After three failed attempts at getting fluid from baby Caprice's spine, the family had to wait for another three days until tests could be sent away to confirm the initial diagnosis. Antibiotics were commenced immediately, in case it was the bacterial strain, and a week later it was verified: Caprice had contracted viral meningitis.
It still remains a mystery how the tiny baby caught meningitis in the first place.
Now, Naomi says she hopes hospital staff re-think what they teach in antenatal classes to help increase parental vigilance.
"We need to concentrate more on symptoms of illnesses and what to look out for, and maybe trying to keep baby at home [when they’re so young]," she says. "For us it could be nothing, but for them when they are so little it can turn into meningitis."
The good news for Naomi and Caprice is that not only did the early detection save her life, but also ensured she won't face future complications as a result.
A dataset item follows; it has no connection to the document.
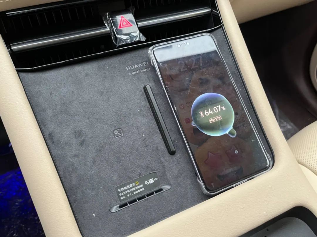 当然能互联的也不止是手机,新 M7 在后排专门为华为 MatePad 预留了两个接口。在连接后,在前排中控屏上就能完成对后排 Pad 的控制。
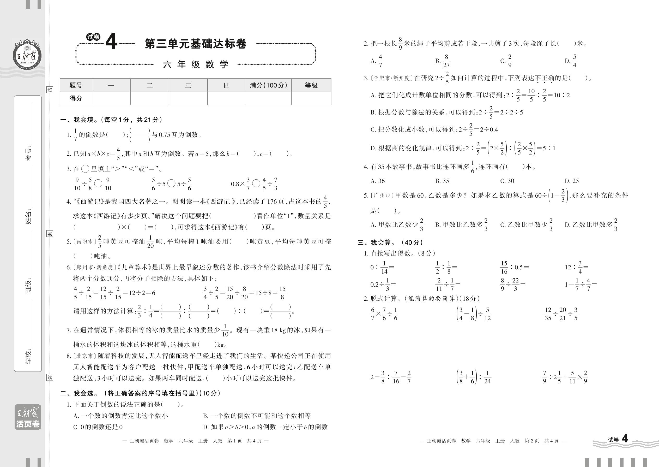 2023上册六年级数学人教版 试卷4 第三单元基础达标卷

Caprice is now a happy and healthy six-month-old.
Naomi hopes others who face the same battle against meningitis will be as lucky, which is why she wants to share her story to help raise awareness and teach others to trust their instincts.
"Sometimes with a second child you can be a bit blasé, but if something's not feeling right you've got to go with it," she says. And just as The Meningitis Centre Australia advocates, she encourages parents to ask: "could it be meningitis?" You might just save a life.